Pope Leo XIV received this Saturday, February 28, 2026, a group of Spanish seminarians from the seminaries of Alcalá de Henares, Toledo, Cartagena, and the Interdiocesan Seminary of Catalonia. In his address, the Pontiff centered his message on a direct warning: when the relationship with God weakens, life—and particularly the priestly ministry—becomes disordered from within.
Leo XIV referred the attendees to a letter of his addressed to the Major Seminary of Trujillo, in Peru, as a framework for understanding the axes of priestly formation. However, he wanted to dwell on a point prior to everything else and which, precisely because it is basic, can be taken for granted and neglected: maintaining a supernatural vision of reality. To illustrate it, he quoted G. K. Chesterton: “If the supernatural is removed, what is found is not the natural, but the unnatural.” With that reference, the Pope emphasized that the problem is not limited to visible scandals, but to lifestyles and ordinary decisions in which God is relegated to the margins.

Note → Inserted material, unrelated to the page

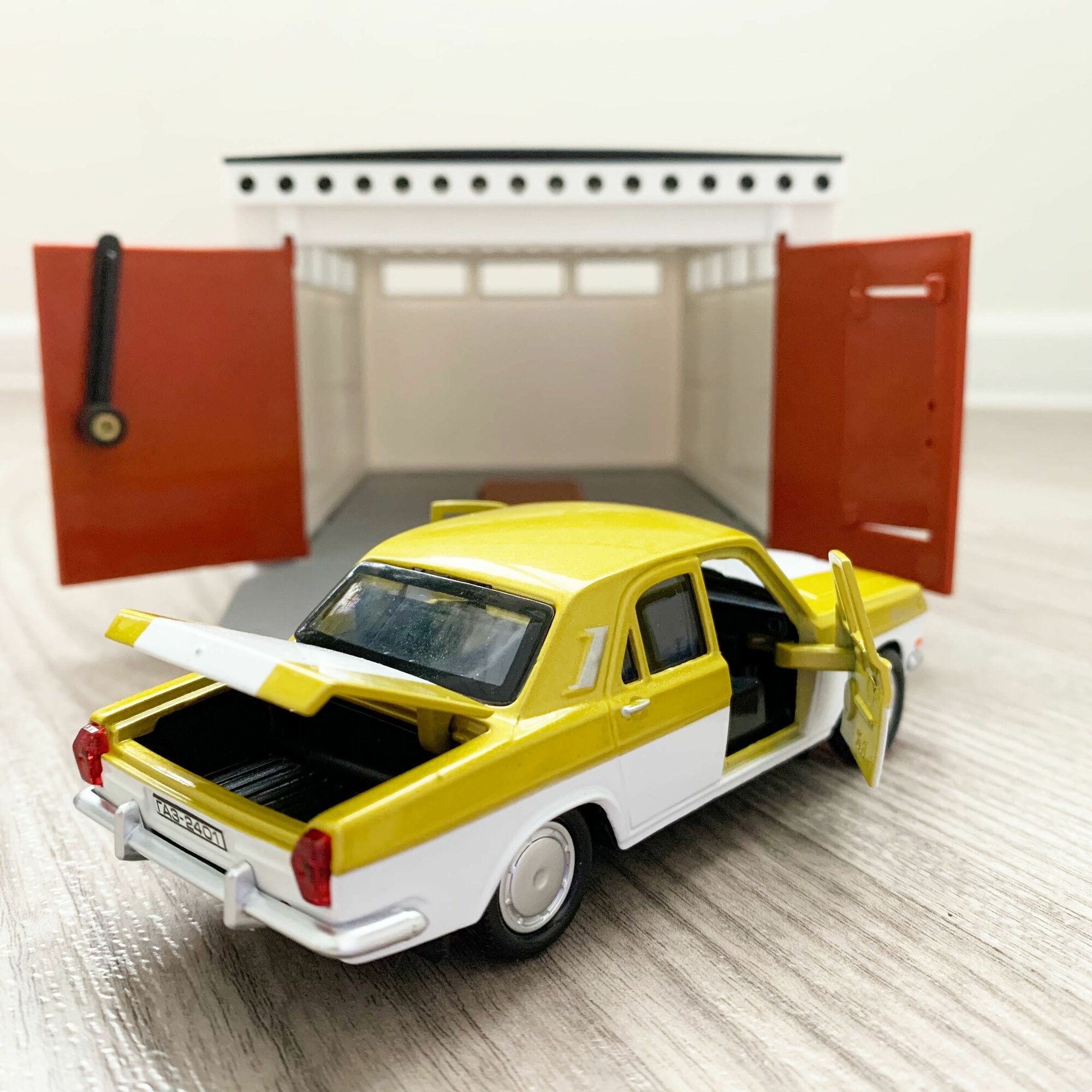 Отзывы на Гараж + Волга ГАЗ 2401 (седан, 12 см, метал, инерц, откр. дверей и багажника) - золотой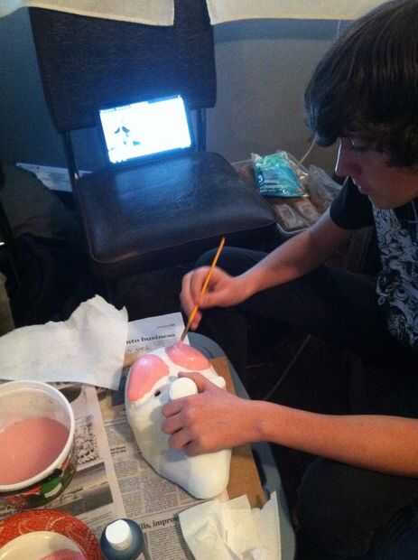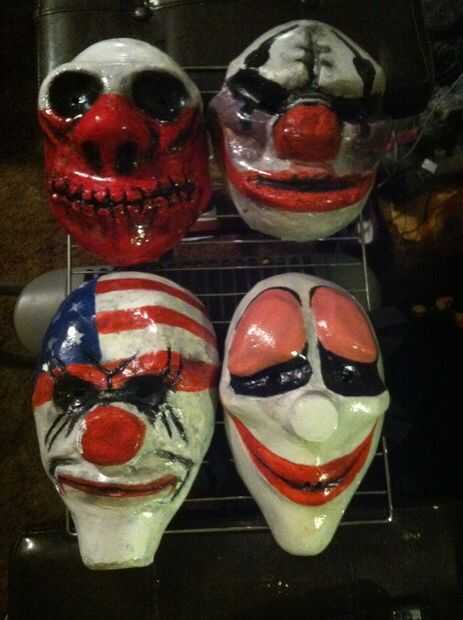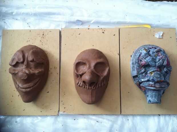 Diferentes niveles de progreso... Uso de papel maché para crear la máscara. una vez que se formó, habían liberado de las formas de arcilla. Utilizamos elásticos para garantizar las máscaras, pero causó demasiada compresión a los lados de papier-mâché. Como se estira el elástico, hacer los lados querer contraer hacia dentro, así que dio un par de capas de resina de fibra de vidrio (no de fibra de vidrio, sólo la resina) para que sean más rígidos. Pintar los detalles y agregar un lavado de acrílico negro muy diluido a la pátina, había traído hacia fuera los detalles y les dio un aspecto más siniestro. El último paso era una capa transparente de esmalte spray.

The Pontiff then posed an incisive question: what could be more unnatural than a priest who speaks of God but lives without awareness of His presence. The risk, he warned, would not be merely a moral incoherence, but becoming accustomed to the things of God without living from God, leaving out the Lord from concrete life.
In that framework, Leo XIV warned against the confusion between fruitfulness and activism. He evoked the image of trees that “die standing,” firm on the outside but dry on the inside, to explain that a seminarian or priest can also maintain an intense pastoral agenda while his interior life weakens. Formation, he insisted, does not exhaust itself in technical tools—including psychology, which he recognized as useful—because the true protagonist is the Holy Spirit, who shapes the heart to serve Christ in His people.
The core of the message was clear: everything begins and always returns to the living relationship with Christ. Without that foundation, the formative structure loses consistency; with it, even ordinary life becomes a space for transformation. In conclusion, the Pope thanked the seminarians for their generosity and reminded them that they do not walk alone, but are sustained by the prayer of the Church and accompanied by the Virgin Mary.